For an example of the IMSTAT procedure with a WHERE clause, see Deleting Rows and Saving a Table to HDFS.

Temporary Tables

A temporary table is an in-memory table that contains the result set of a procedure statement. Instead of transferring the results to the client SAS session, the results remain in the server and only the name of the temporary table is transferred to the client. You can then use other procedure statements with the temporary table.
Temporary tables are supported for the SUMMARY, CROSSTAB, DISTINCT, and PERCENTILE statements for partitioned data. For non-partitioned data, you can also generate temporary tables with the SUMMARY and CROSSTAB statements, provided that you request a GROUPBY analysis.
The following DATA step shows how to create a partitioned table on the variables country and region.
data lasr.prdsale(partition=(country region));
    set sashelp.prdsale;
run;
The following statements generate a summary analysis for variables actual and predict in each of the partitions.
proc imstat;
   table lasr.prdsale;
   summary actual predict / partition;
run;
The output for the previous statements is as follows:
Summary of actual and predict for PRDSALE.
As an alternative, you can leave the result set in an in-memory table by adding the TEMPTABLE option to the SUMMARY statement:
   summary actual predict / partition temptable;
run;
The previous SAS statements generate the following output in the SAS session.
Summary of actual and predict for PRDSALE stored to a temporary table.
The temporary table is assigned a name by the server. When the IMSTAT procedure ends, any temporary tables created during the procedure run are removed from the server. Since the generated name is not predictable, the procedure assigns the name of the most recently generated temporary table to the _TEMPLAST_ macro variable.
You can use the TABLE statement to switch the active table to the temporary table and perform analyses. Make sure that the statement that generated the temporary table is separated from the next statement with a RUN statement. Otherwise, you receive an error that the table specified in the TABLE statement does not exist. The temporary table does not exist at parse time, it is created at run time when the statement is executed.
The following statements retrieve information about the temporary table, the formatted values for (up to) the first twenty rows, and perform a summarization:
  table lasr.&_templast_
    tableinfo; 
    columninfo;
    fetch / from=1 to=20 format;
    summary;
quit;
The output for the TABLEINFO, COLUMNINFO, and FETCH statements is not shown. The results for the SUMMARY statement are as follows:
Summary statistics for a temporary table.

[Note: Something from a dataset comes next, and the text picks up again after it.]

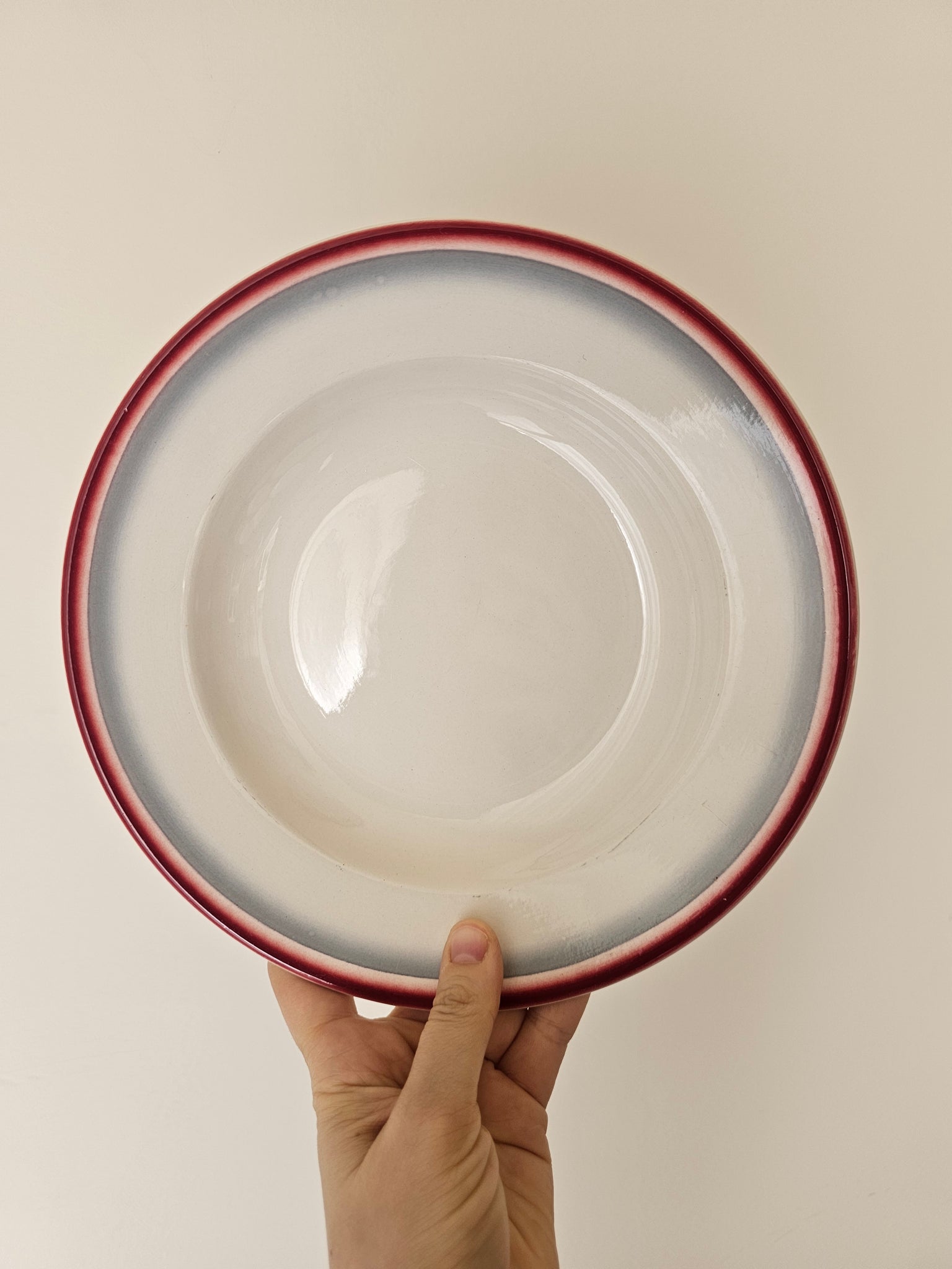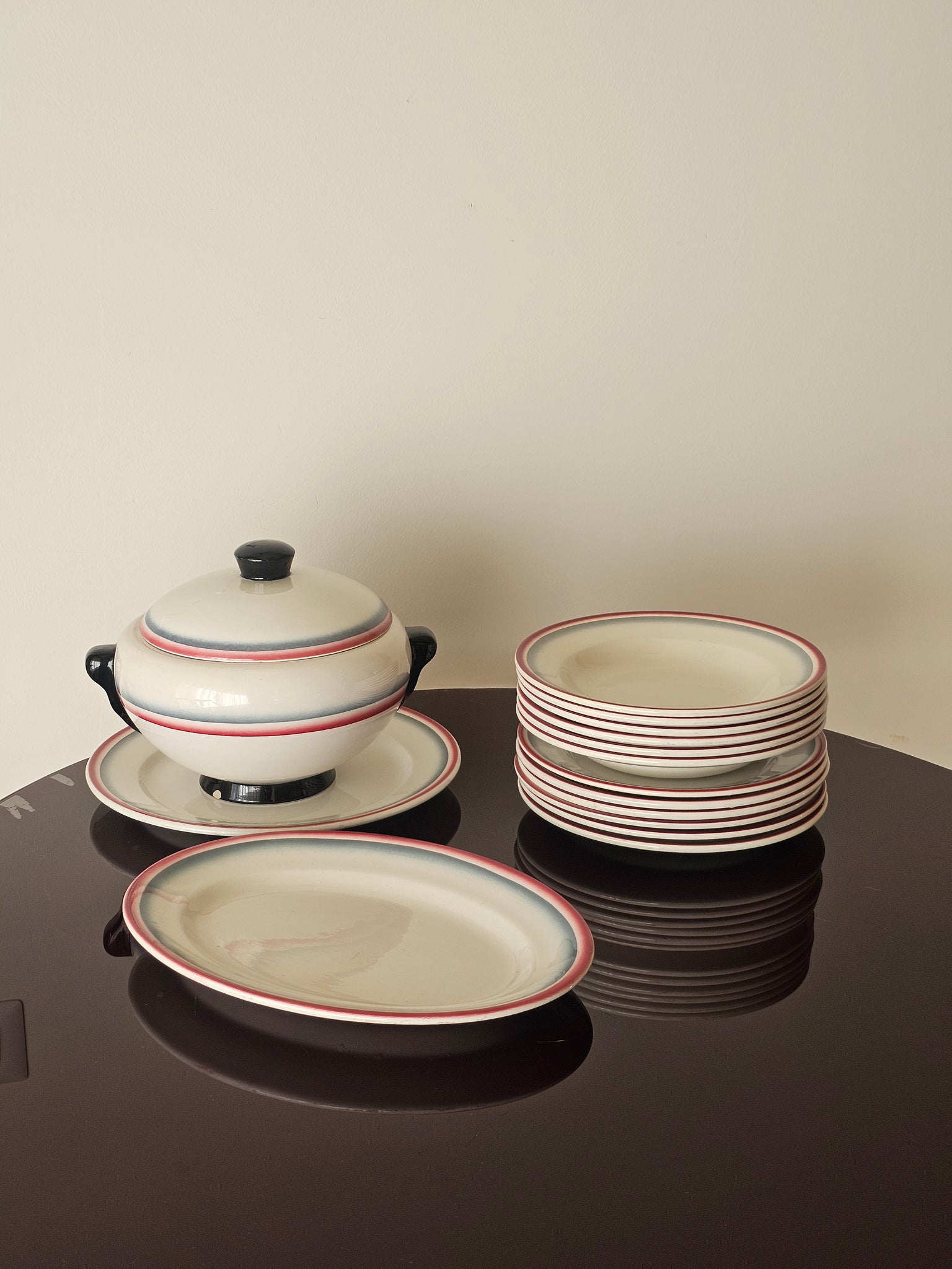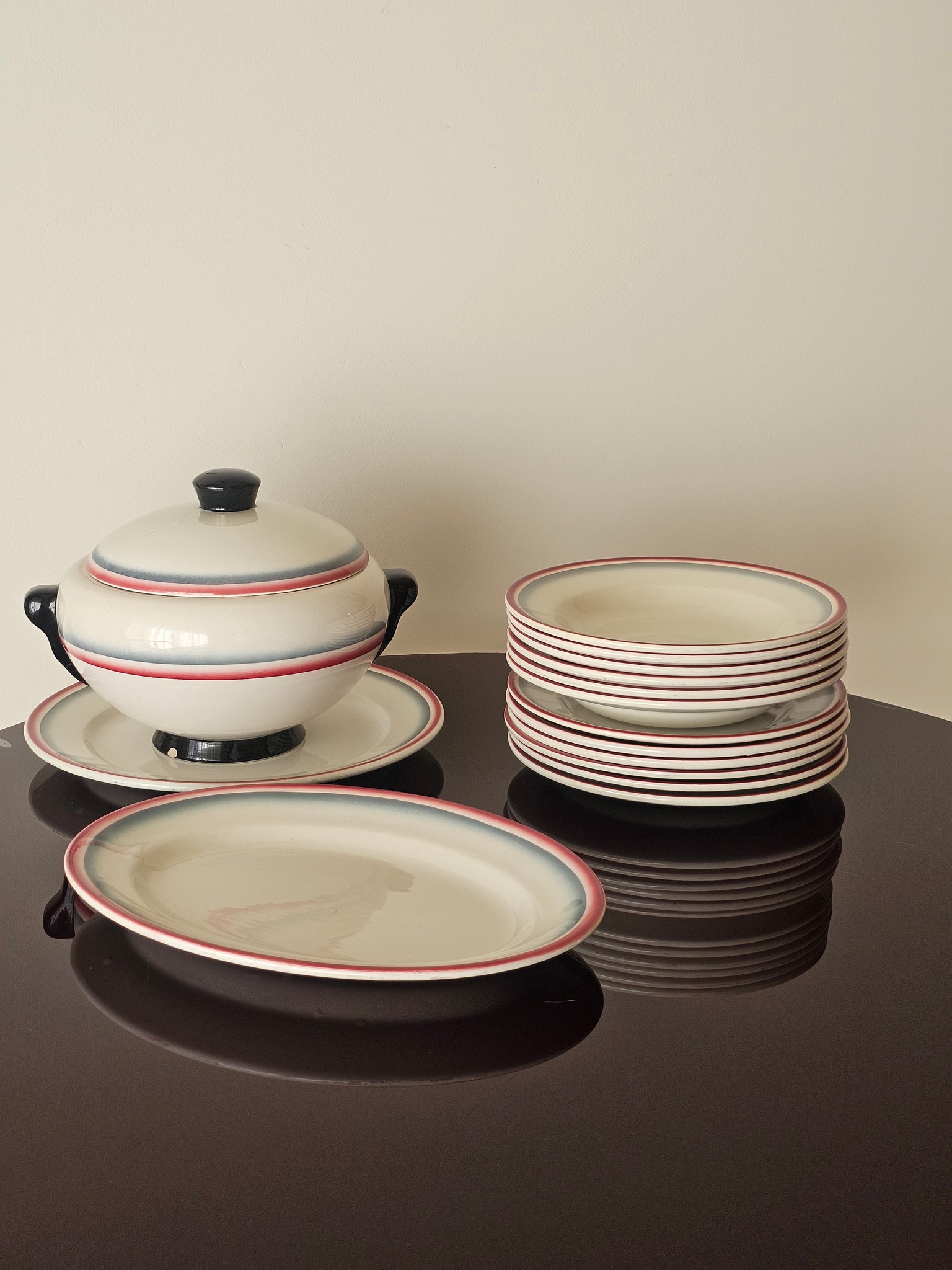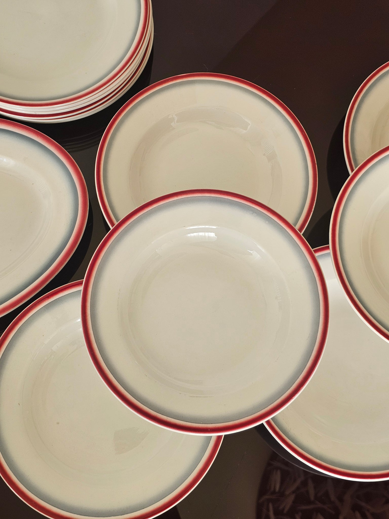 Servizio di piatti realizzato con decoro ad aerografo nei toni del grigio e del rosso ciliegia del marchio storico Galvani Pordenone.

Creating Temporary Tables with GROUPBY Variables

If the input table is not partitioned, you can still use temporary tables with the SUMMARY and CROSSTAB statements, provided that you perform a group-by analysis. The temporary table that is created by the server is automatically partitioned by the group-by variables. This potentially involves a redistribution of the groups in the result set to transfer all the result records for a particular group to the same worker node.

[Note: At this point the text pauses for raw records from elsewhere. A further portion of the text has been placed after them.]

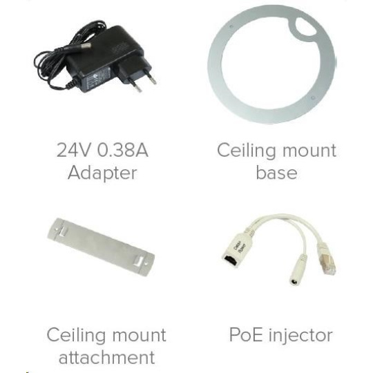 Balení obsahuje: RBcAP2nD, napájecí adaptér, PoE injektor, montážní sada
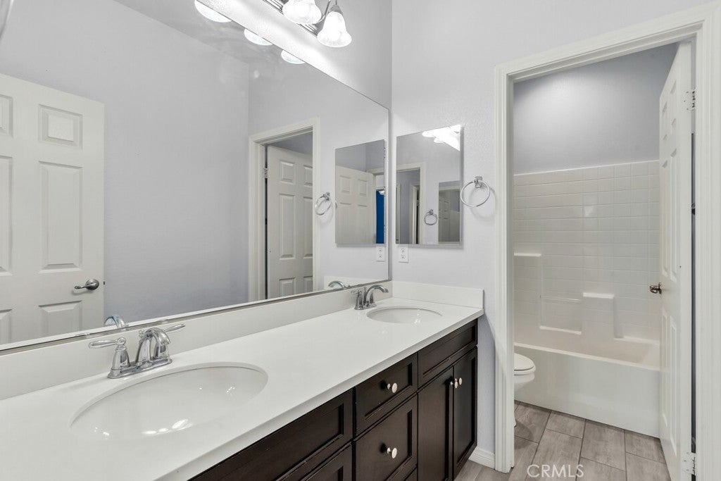 Welcome to one of the most affordable large family homes in Wildomar! This 4-bedroom, 3-bathroom home built in 2017, offers over 2,800 square feet of modern living space. Thoughtfully designed with style and comfort in mind, this home features energy-saving solar, plantation shutters and designer flooring throughout. The open-concept floor plan flows seamlessly from the spacious living room into a large kitchen complete with granite countertops, a large center island, stainless steel appliances, and upgraded cabinetry — perfect for entertaining or family gatherings. Upstairs, retreat to a primary suite featuring an ensuite bath with dual sinks, a soaking tub, and an extra large walk-in shower. Three additional spacious bedrooms, a loft and a full bath upstairs provide plenty of room for family, guests, or a home office. The home also includes an attached two-car garage with tankless water heater and a convenient upstairs laundry room. Located in a desirable Wildomar neighborhood close to parks, schools, shopping, and freeway access, this home blends contemporary style with everyday convenience. Professional photos will be posted 10/24.
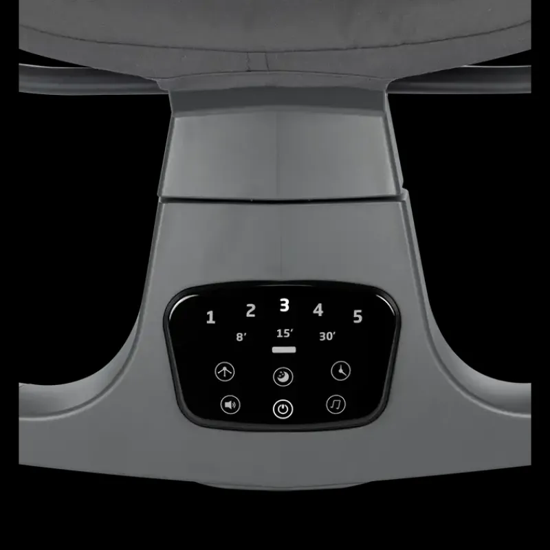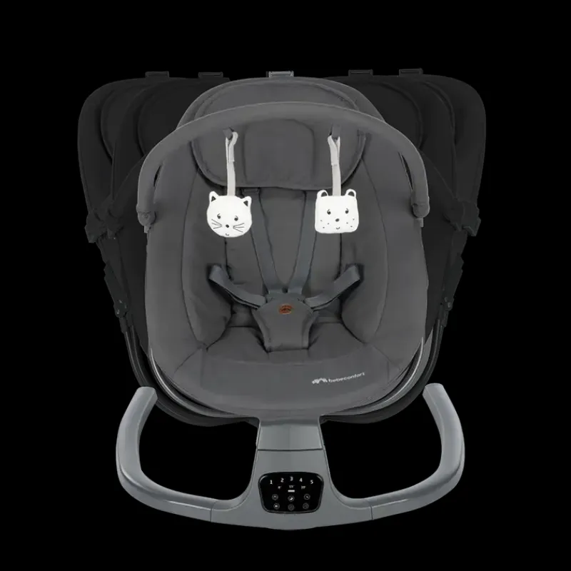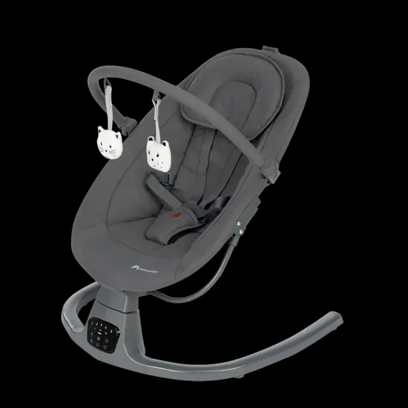 Skråstol med automatisk bevægelses sensor. Når arnet begynder at bevæge sig, så vil stolen automatisk begynde at rokke fra side til side. Kan afsille 12 sange og 5 naturlige lyde. Blødt stof og ekstra hovedstøtte. 2 hvile positioner.
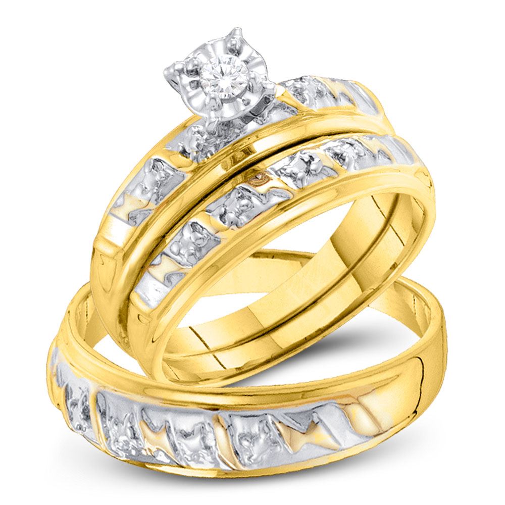 REF-30M9X - SKU: GD15485 ---- His & Hers Diamond Solitaire Matching Bridal Wedding Ring Band Set 1/12 Cttw 10kt Yellow Gold
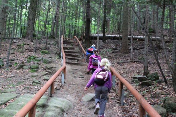 Po jednym deszczowym dniu pogoda zrobiła się wymarzona na wycieczki piesze. Zachmurzone niebo często pozwalało przedrzeć się promieniom słońca, ale upał już się skończył i jeśli komuś robiło się gorąco, to przyczyną mogła być jedynie wędrówka. Zaczęła się ona od dodatkowej, nieprzewidzianej atrakcji, która wszystkie dzieciaki wprawiła w dobry humor. Zaraz na początku bowiem, gdy tylko szlak odbił od drogi, trzeba było przeprawić się na drugą stronę rzeczki Kłopotnicy. A pokażcie mi dziecko, które nie lubi skakania po kamieniach?
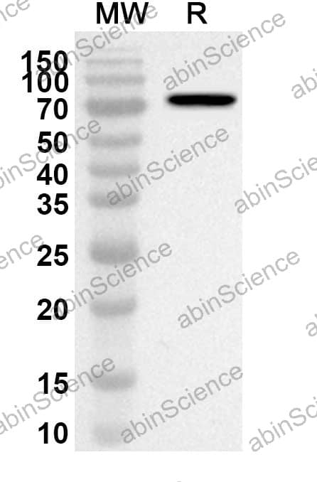 Western blot analysis was performed using anti-Human CTTN polyclonal antibody at 1ug/mL on recombinant Human CTTN (Catalog No. HC329012). |
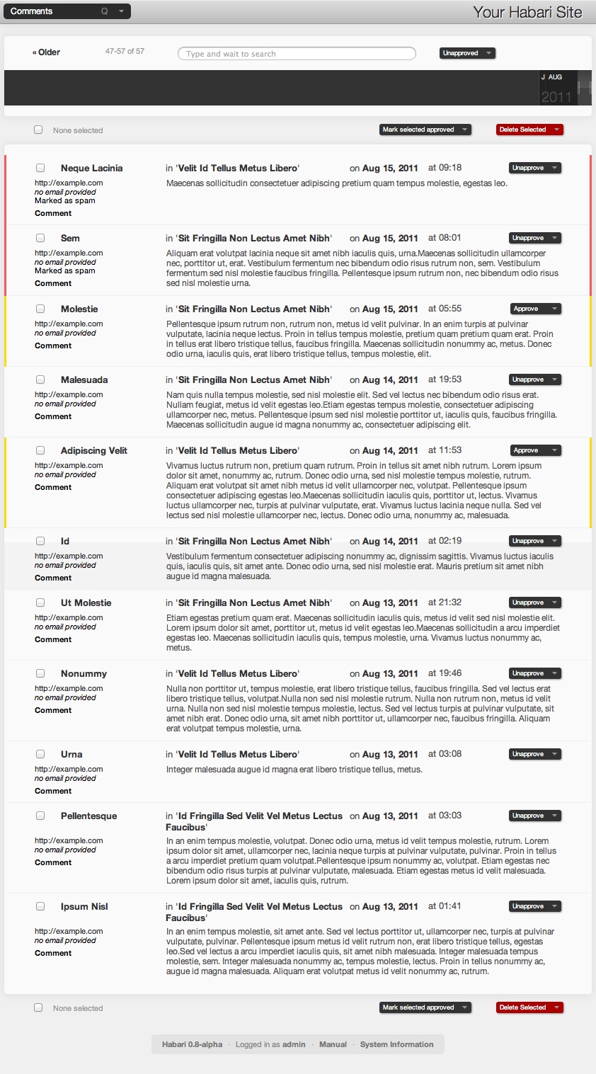 In the top center of the Comments page is the search box. You can use this box to type in search terms to find comments. To find all comments that include the word Habari, simply type Habari into the search box and wait a moment. The list of comments will be updated, and the quantity indicator to the left of the search box will be updated. Beside the search box are several links that provide shortcut filter controls to the different statuses and types a comment may have. To see only Approved comments, click the Approved link: this will add status:Approved to the search box, restricting the list of comments to only those which are approved. Click the Approved link again to remove that filter from the list. Using these, you can quickly drill down to see all your comments. Click the Unapproved link and the Pingback link to see all your unapproved pingbacks. Click the Unapproved link again to remove the Unapproved filter and see all pingbacks, regardless of status.

Creating Temporary Variables

You can use temporary numeric variables in a table. For example, if a table has variables that are named x1, x2, and x3, you can calculate the summary statistics for variable d1 = x1 + x2 / 3*x3. One way is to declare d1 as a temporary variable of the table (with data set options for the input table). You can use the temporary variables (temporary for the duration of each statement) with DATA step expression scripts.
proc imstat data=lasrlib.table1(array=(d,1));
    summary d1 x1-x3 / tempnames=d1 tempexpress="d1 = x1 + x2 / 3*x3;";
run;
    summary d1 / tempnames=d1 tempexpress="d1 = mean(x1, x2);";
quit;
Because the temporary variable exists for the duration of the statement, it can be reused in subsequent statements. The second SUMMARY statement uses the d1 variable with a different expression.